Sentiment must be Positive, Neutral, or Negative.

Review: "The battery lasts all day, but the screen scratches easily."
Topic: battery life, screen durability
Sentiment: Neutral

Review: "Customer support solved my issue in five minutes."
Topic: customer support
Sentiment: Positive

Review: "The app crashes every time I upload a file."
Topic: app stability, file upload
Sentiment: Negative

Review: "Setup took a while, but now it works as expected."
Topic:
Sentiment:

Structured output means asking the model to return data in a predictable format, such as JSON, XML, Markdown tables, or tool-call arguments. In software applications, structured output is often more valuable than prose because it can be parsed, validated, stored, and passed to other systems.

Common structured output techniques include:

Explicit format instructions
JSON mode
Function calling or tool use
Schema validation
Output parsers such as Pydantic models

Choosing good few-shot examples

Few-shot examples are training data inside the prompt. Their quality matters.

Good examples should be:

Representative — they match the real inputs the application will receive.
Diverse — they cover different categories, lengths, tones, and formats.
Edge-aware — they include ambiguous or difficult cases.
Consistent — labels and formatting are applied the same way every time.
Minimal — they teach the pattern without wasting tokens.

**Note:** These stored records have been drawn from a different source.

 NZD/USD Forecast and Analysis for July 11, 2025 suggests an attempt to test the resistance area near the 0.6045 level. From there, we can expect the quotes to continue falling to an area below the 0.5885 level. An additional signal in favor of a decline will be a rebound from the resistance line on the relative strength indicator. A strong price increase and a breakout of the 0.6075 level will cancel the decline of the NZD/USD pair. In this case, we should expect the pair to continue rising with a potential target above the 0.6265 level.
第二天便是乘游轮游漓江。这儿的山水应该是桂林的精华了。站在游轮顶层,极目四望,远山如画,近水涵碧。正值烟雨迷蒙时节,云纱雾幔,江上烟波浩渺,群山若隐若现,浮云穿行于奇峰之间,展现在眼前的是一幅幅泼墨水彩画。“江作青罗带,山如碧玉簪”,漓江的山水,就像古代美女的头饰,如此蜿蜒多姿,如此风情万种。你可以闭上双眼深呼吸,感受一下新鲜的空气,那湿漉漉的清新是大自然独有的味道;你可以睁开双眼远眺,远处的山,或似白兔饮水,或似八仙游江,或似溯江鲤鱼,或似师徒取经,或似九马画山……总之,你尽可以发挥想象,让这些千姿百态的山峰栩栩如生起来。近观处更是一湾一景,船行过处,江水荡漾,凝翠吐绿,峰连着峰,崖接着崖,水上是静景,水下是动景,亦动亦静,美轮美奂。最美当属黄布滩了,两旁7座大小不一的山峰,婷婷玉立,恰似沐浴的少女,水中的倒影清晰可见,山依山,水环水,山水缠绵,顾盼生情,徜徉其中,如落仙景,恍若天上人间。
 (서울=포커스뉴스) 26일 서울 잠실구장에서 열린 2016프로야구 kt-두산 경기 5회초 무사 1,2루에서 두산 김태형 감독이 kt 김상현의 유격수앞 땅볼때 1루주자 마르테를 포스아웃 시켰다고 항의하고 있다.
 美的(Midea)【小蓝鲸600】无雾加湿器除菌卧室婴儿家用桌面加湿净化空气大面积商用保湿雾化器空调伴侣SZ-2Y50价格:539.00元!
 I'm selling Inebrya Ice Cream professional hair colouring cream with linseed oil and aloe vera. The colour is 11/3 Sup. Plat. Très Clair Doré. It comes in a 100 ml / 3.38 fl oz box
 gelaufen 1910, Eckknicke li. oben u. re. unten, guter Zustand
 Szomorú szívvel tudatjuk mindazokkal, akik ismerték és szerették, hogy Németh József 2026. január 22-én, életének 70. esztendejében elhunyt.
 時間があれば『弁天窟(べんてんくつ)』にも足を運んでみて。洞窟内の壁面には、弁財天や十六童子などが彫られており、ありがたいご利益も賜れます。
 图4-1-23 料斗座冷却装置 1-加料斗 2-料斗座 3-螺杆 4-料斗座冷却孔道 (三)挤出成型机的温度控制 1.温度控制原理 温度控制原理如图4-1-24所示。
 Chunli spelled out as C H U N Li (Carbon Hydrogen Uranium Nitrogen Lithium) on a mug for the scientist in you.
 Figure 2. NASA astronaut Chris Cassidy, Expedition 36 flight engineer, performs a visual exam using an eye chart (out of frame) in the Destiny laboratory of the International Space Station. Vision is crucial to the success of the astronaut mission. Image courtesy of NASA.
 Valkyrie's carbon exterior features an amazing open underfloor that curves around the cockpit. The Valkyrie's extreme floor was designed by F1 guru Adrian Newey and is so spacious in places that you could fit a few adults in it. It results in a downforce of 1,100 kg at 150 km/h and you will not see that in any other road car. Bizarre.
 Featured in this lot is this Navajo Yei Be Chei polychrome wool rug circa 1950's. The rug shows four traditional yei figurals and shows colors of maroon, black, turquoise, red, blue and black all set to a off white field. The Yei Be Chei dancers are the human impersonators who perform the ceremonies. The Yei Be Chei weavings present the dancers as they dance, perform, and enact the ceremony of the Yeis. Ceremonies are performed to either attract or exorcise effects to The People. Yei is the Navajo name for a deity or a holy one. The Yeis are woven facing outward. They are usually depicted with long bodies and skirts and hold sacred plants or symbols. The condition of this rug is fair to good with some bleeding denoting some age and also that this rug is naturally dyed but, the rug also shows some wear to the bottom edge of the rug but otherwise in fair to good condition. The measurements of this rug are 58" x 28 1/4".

For classification tasks, include at least one example for each label. If the model must distinguish between Neutral and Mixed, include examples that show the difference. If the model must extract missing values as null, include an example where a field is absent.

Ordering can also matter. Models often pay strong attention to recent examples. Put the most important or most similar examples near the end, but avoid making the final example so dominant that the model copies it too closely.

Label bias and how to avoid it

Label bias occurs when the examples or prompt wording make the model prefer one label too often. For example, if your few-shot prompt contains five Positive examples and one Negative example, the model may over-predict Positive.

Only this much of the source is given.